> PROBLEM: Transcribe only part of the material below: the lines from the one containing "PCB Headers & Receptacles(8)" through the one containing "FMC001 E-mark page 3", inclusive, exactly as written.

/---

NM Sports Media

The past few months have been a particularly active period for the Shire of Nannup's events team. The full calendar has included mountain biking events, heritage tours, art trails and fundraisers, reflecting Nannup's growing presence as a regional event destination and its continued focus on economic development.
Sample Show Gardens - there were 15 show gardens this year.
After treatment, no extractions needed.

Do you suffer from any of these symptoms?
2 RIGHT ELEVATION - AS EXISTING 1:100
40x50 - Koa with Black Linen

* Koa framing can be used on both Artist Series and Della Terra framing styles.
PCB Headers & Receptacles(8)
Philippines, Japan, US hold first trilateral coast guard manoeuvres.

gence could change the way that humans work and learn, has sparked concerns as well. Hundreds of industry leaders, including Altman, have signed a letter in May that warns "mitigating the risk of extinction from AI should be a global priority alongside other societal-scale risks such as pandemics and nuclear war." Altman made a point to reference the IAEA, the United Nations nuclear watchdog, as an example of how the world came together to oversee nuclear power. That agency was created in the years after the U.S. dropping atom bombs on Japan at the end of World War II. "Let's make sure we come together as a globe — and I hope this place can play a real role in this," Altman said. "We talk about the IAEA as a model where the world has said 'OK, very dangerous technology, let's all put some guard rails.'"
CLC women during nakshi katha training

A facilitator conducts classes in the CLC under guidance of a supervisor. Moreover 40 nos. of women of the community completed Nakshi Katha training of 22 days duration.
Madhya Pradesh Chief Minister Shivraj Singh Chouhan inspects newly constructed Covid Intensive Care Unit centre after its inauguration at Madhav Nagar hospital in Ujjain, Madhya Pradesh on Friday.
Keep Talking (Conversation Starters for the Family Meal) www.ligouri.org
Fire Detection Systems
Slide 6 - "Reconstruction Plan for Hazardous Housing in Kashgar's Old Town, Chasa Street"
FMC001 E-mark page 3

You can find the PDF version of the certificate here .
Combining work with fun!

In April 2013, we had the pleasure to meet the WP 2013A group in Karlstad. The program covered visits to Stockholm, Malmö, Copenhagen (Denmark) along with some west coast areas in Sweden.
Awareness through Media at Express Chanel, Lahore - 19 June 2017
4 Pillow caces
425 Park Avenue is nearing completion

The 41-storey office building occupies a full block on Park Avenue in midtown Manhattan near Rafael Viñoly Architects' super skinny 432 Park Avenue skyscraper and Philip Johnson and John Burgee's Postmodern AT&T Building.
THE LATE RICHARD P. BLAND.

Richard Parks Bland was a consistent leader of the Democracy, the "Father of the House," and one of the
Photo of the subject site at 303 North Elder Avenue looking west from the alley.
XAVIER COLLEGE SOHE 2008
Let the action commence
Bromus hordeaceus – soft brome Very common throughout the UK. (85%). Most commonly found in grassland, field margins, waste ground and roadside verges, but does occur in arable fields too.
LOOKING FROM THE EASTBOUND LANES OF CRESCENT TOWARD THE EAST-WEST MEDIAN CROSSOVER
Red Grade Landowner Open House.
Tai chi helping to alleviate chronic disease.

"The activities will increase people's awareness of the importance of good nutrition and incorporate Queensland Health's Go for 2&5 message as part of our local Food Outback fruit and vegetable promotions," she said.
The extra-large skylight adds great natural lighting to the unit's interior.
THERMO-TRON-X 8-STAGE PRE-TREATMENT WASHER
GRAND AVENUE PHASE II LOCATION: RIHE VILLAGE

\---

> ANSWER SECTION:
PCB Headers & Receptacles(8)
Philippines, Japan, US hold first trilateral coast guard manoeuvres.

gence could change the way that humans work and learn, has sparked concerns as well. Hundreds of industry leaders, including Altman, have signed a letter in May that warns "mitigating the risk of extinction from AI should be a global priority alongside other societal-scale risks such as pandemics and nuclear war." Altman made a point to reference the IAEA, the United Nations nuclear watchdog, as an example of how the world came together to oversee nuclear power. That agency was created in the years after the U.S. dropping atom bombs on Japan at the end of World War II. "Let's make sure we come together as a globe — and I hope this place can play a real role in this," Altman said. "We talk about the IAEA as a model where the world has said 'OK, very dangerous technology, let's all put some guard rails.'"
CLC women during nakshi katha training

A facilitator conducts classes in the CLC under guidance of a supervisor. Moreover 40 nos. of women of the community completed Nakshi Katha training of 22 days duration.
Madhya Pradesh Chief Minister Shivraj Singh Chouhan inspects newly constructed Covid Intensive Care Unit centre after its inauguration at Madhav Nagar hospital in Ujjain, Madhya Pradesh on Friday.
Keep Talking (Conversation Starters for the Family Meal) www.ligouri.org
Fire Detection Systems
Slide 6 - "Reconstruction Plan for Hazardous Housing in Kashgar's Old Town, Chasa Street"
FMC001 E-mark page 3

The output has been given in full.